Feat multi decoder segmenter#19

Open
camilolaiton wants to merge 11 commits into
mainfrom
feat-multi-decoder-segmenter
Open

Feat multi decoder segmenter#19
camilolaiton wants to merge 11 commits into
mainfrom
feat-multi-decoder-segmenter

Conversation

@camilolaiton

Copy link
Copy Markdown
Collaborator

This pull request introduces multi-output model support to the inference pipeline, allowing models to return multiple outputs (e.g., via multiple decoders) and writing each output to a separate store. It also adds a new SharedEncoderModel class for shared-encoder/multi-decoder architectures, updates the worker and runner logic to handle multi-output models, and improves normalization and memory handling for more robust and efficient inference.

Multi-output model support and pipeline changes:

  • Updated the pipeline (run.py, workers.py) to support models that return multiple outputs (shape (B, N, Z, Y, X)), including changes to accept a list of output stores and to spawn a writer worker per output channel. The CLI now requires one --out-spec per output channel.

  • WriterWorker now supports both single- and multi-output models, managing a list of accumulators and writing to multiple output stores as needed.

Model architecture and utilities:

  • Added SharedEncoderModel to models.py for architectures with a shared encoder and multiple independent decoders, stacking outputs along a new dimension.

Inference configuration and normalization:

  • Added output_denormalize option to InferenceConfig to control whether outputs are inverse-normalized before writing, supporting models that output values in a different space than the input.

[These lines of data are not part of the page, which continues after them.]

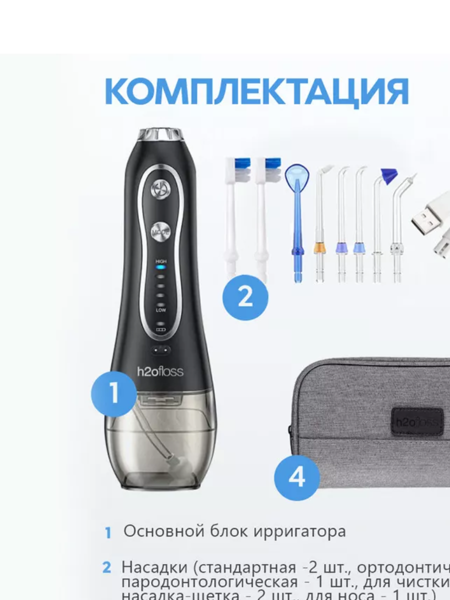 Ирригатор для зубов портативный H2oFloss белый интересное:
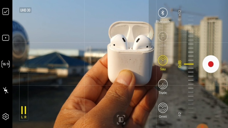 Bước 2: Mở ứng dụng Camera trên điện thoại và tiến hành quay video. Song song với đó bạn có thể thu âm thanh tương ứng qua tai nghe.
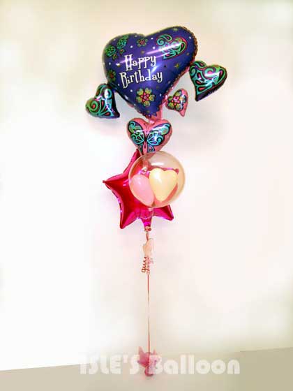ピンク・パープル系のカラーが大人にも大人気です。トップのクラスターバルーンは1つのバルーンでたくさんのバルーンに見えるので、意外にリーズナブル!
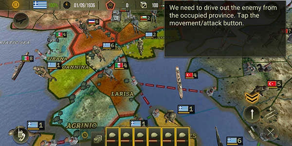 在第二阶段选择希腊时,需要完成开局给出的三个任务中的其中一项。考虑到针对意大利的任务难度较高,我决定优先处理土耳其和保加利亚这两个目标。初始阶段希腊会拥有四支海军力量,建议额外补充一艘潜艇,这样基本就能压制住土耳其的舰队。接下来要迅速对伊斯坦布尔发动进攻,同时从两侧实施登陆作战形成夹击态势。值得注意的是,土耳其首都虽然驻扎着12个单位的兵力,但只要没有受到直接攻击,这些部队就会一直处于静止状态。因此可以先清除外围的敌方兵力,再逐步包围首都,不必担心这12个单位会主动出击。
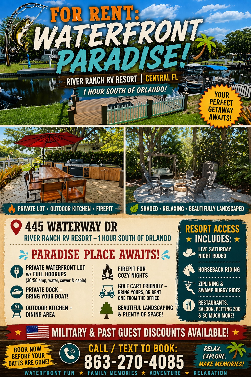 Welcome to Florida Lakefront Paradise! ⭐️ Breathtaking Sunsets ⭐️ Bass Fishing ⭐️ Reserved Boat Slip ⭐️ Fish Cleaning Station ⭐️ Boat Wash Station ⭐️ Marina with Ice/Gas ⭐️ Large Fire Pit Area ⭐️ Located on Kissimmee Chain of Lakes ⭐️ Smart TV's ⭐️ Screened Lakefront Back Patio ⭐️ High Speed Internet ⭐️ Spacious ⭐️ Balcony Facing the Lake ⭐️ 30 minutes to Lego Land ⭐️ 20 minutes to Bok Tower Gardens ⭐️ 1 hour to Disney World ⭐️ 18 minutes to Spook Hill ⭐️ 18 minutes to Kissimmee State Park
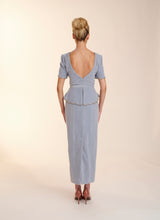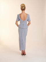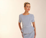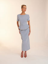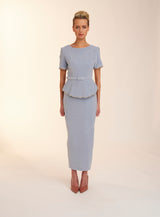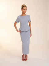 The Freya dress features a high neckline with low v back. Made from the most luxurious soft blue velvet this dress is perfect for Autumn/Winter. With it's peplum feature, finished with a straight skirt Freya exudes elegance. The peplum and sleeves on this dress are finished with an embellished scalloped edging giving the dress a fun feel.
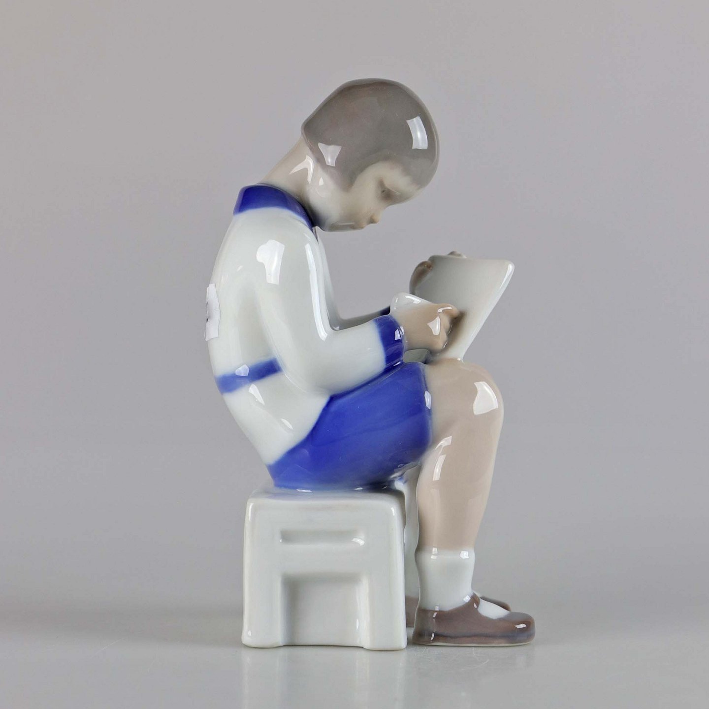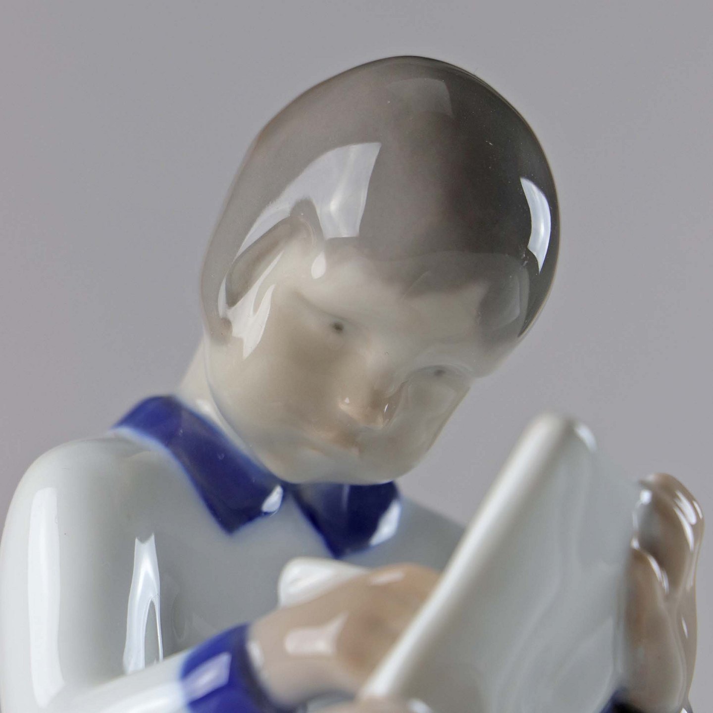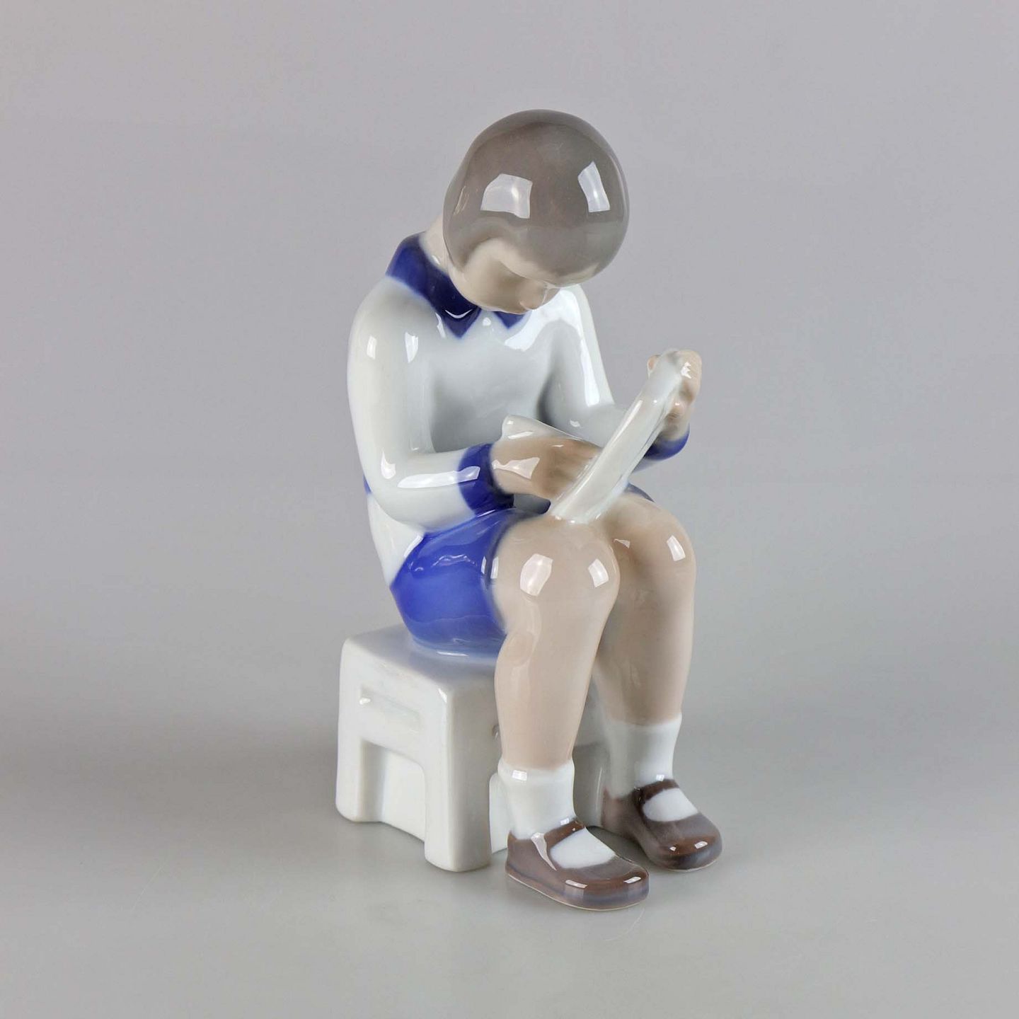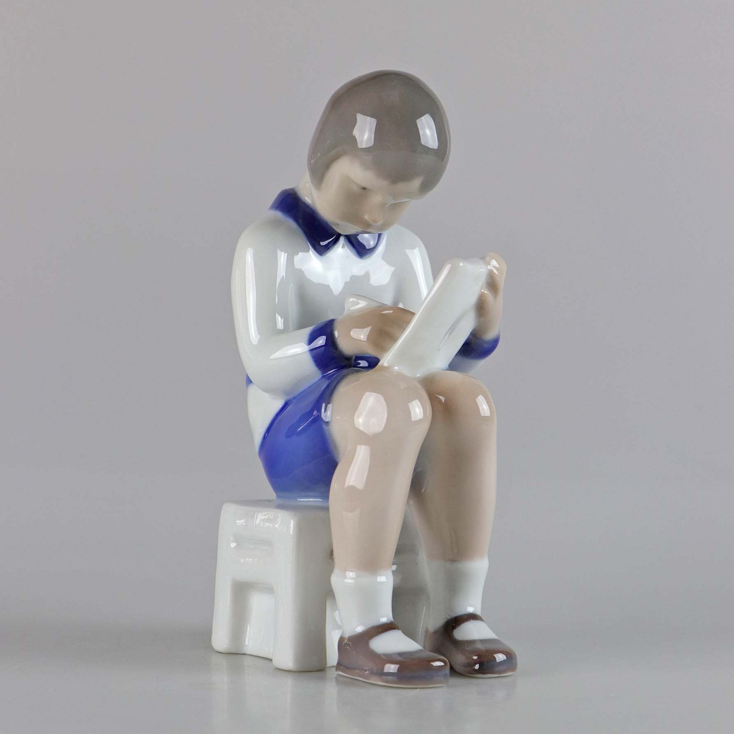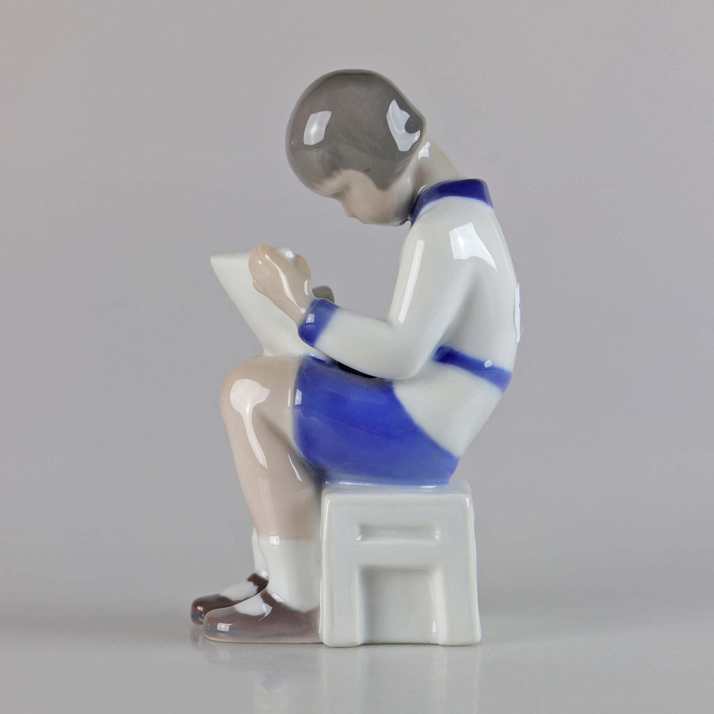 Figur af porcelæn af siddende pige med papir og blyant. No 2184
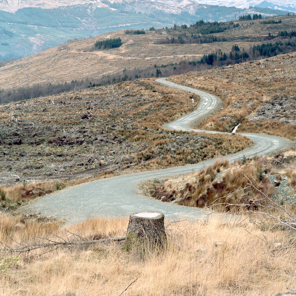 What was once a walk through woodland has transformed. The trees have all been felled and removed. A woodland walk is now a path across bare exposed hill. The path in question makes it way through privately owned forestry land which has recently matured. The land looks devastated. It is strewn with the debris and stumps from the recent forestry work. If you can look past the wasteland though there are now views of the river Clyde and surrounding hills that were once blocked by the monoculture of spruce…
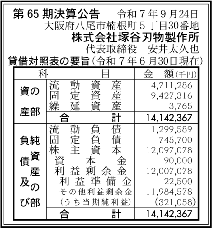 | 会社名 | 株式会社塚谷刃物製作所 |
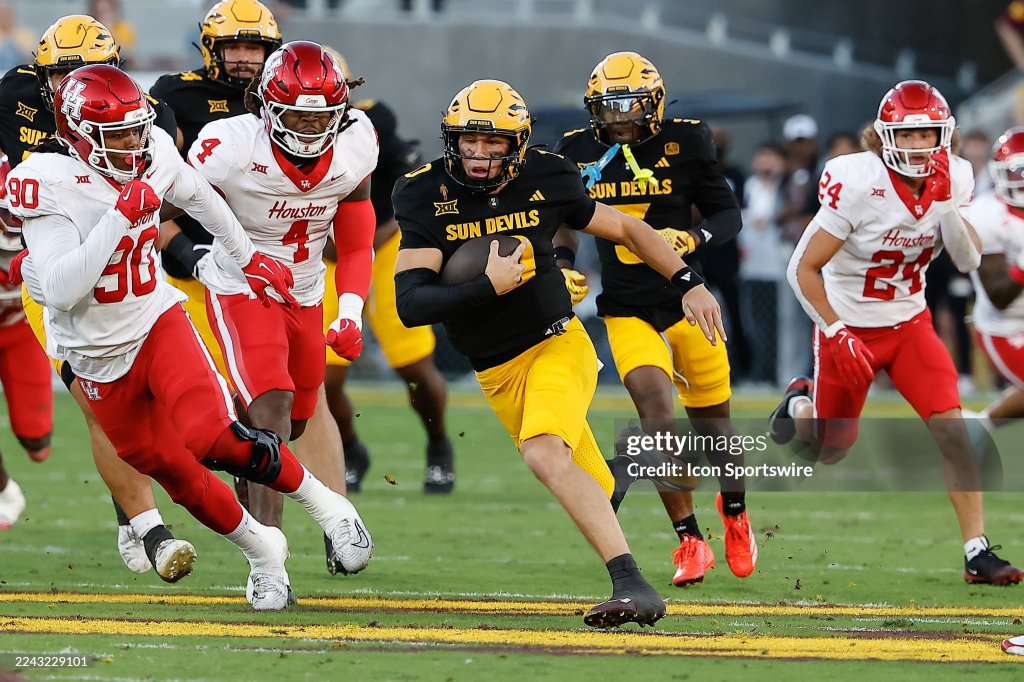 TEMPE, AZ – OCTOBER 25: Arizona State Sun Devils quarterback Sam Leavitt (10) runs the ball during the college football game between the Houston Cougars and the Arizona State Sun Devils on October 25, 2025 at Mountain America Stadium in Tempe, Arizona. (Photo by Kevin Abele/Icon Sportswire via Getty Images)
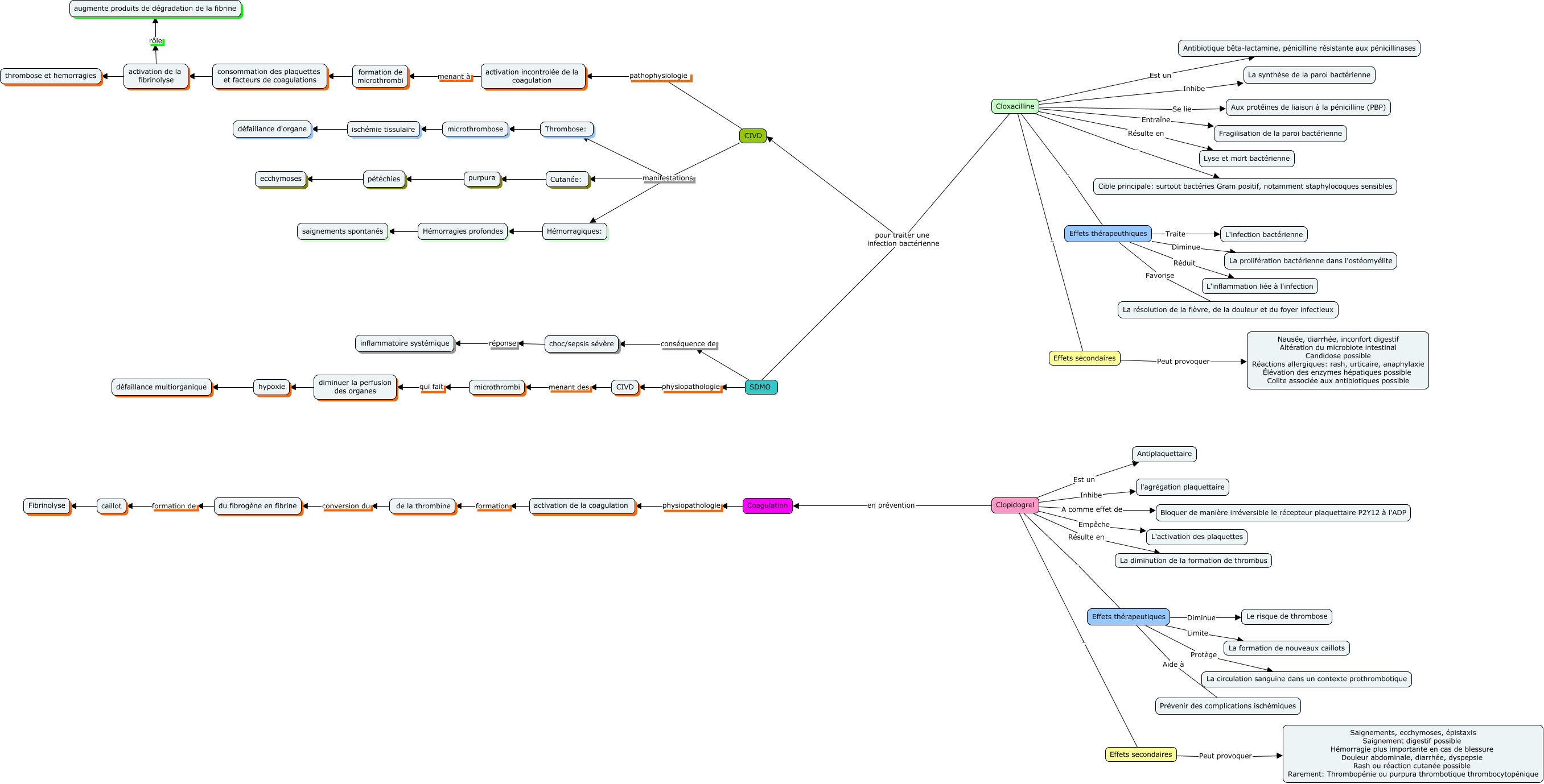 This Concept Map, created with IHMC CmapTools, has information related to: Cas 7, activation de la fibrinolyse rôle augmente produits de dégradation de la fibrine, Effets thérapeutiques Diminue Le risque de thrombose, Effets thérapeuthiques Diminue La prolifération bactérienne dans l'ostéomyélite, de la thrombine conversion du du fibrogène en fibrine, Effets thérapeuthiques Réduit L'inflammation liée à l'infection, Clopidogrel Empêche L'activation des plaquettes, Cloxacilline pour traiter une infection bactérienne CIVD, Effets secondaires Peut provoquer Nausée, diarrhée, inconfort digestif Altération du microbiote intestinal Candidose possible Réactions allergiques: rash, urticaire, anaphylaxie Élévation des enzymes hépatiques possible Colite associée aux antibiotiques possible, activation incontrolée de la coagulation menant à formation de microthrombi, Effets secondaires Peut provoquer Saignements, ecchymoses, épistaxis Saignement digestif possible Hémorragie plus importante en cas de blessure Douleur abdominale, diarrhée, dyspepsie Rash ou réaction cutanée possible Rarement: Thrombopénie ou purpura thrombotique thrombocytopénique, Clopidogrel A comme effet de Bloquer de manière irréversible le récepteur plaquettaire P2Y12 à l'ADP, SDMO physiopathologie CIVD, Effets thérapeutiques Protège La circulation sanguine dans un contexte prothrombotique, hypoxie défaillance multiorganique, choc/sepsis sévère réponse inflammatoire systémique, ischémie tissulaire défaillance d'organe, Clopidogrel Inhibe l'agrégation plaquettaire, CIVD manifestations Thrombose:, diminuer la perfusion des organes hypoxie, Cloxacilline pour traiter une infection bactérienne SDMO

  • Improved normalization logic to clip to percentile bounds before normalizing.

Robustness and documentation:

  • Improved memory handling for device-to-host transfers, ensuring pinned memory buffers match the actual model output shape and dtype.

  • Added or clarified module-level docstrings for better documentation and maintainability.

New utility functions:

  • Added load_json utility in examples/example_utils/utils.py for loading JSON files from local paths or S3, with error handling.

@camilolaiton camilolaiton requested a review from carshadi June 10, 2026 21:35

@carshadi carshadi left a comment

Copy link
Copy Markdown
Member

Choose a reason for hiding this comment

The reason will be displayed to describe this comment to others. Learn more.

This looks great @camilolaiton! I just had a few comments.

Also, for the run_proteomics_example.py, there are a couple required dependencies that are not packaged here:
https://github.com/AllenNeuralDynamics/aind-lightsheet-mae
https://github.com/AllenNeuralDynamics/aind-proteomics-image-translator/tree/dev
I was thinking this could be resolved in two ways -

  1. add documentation to the examples on installing the necessary deps and how to run the example, and/or
  2. add the required deps as an optional dependency group to the pyproject.toml, e.g., pip install .[proteomics] - this would be useful if we plan on using this library for proteomics in general. Though maybe this could be deferred to when the related codebases are released.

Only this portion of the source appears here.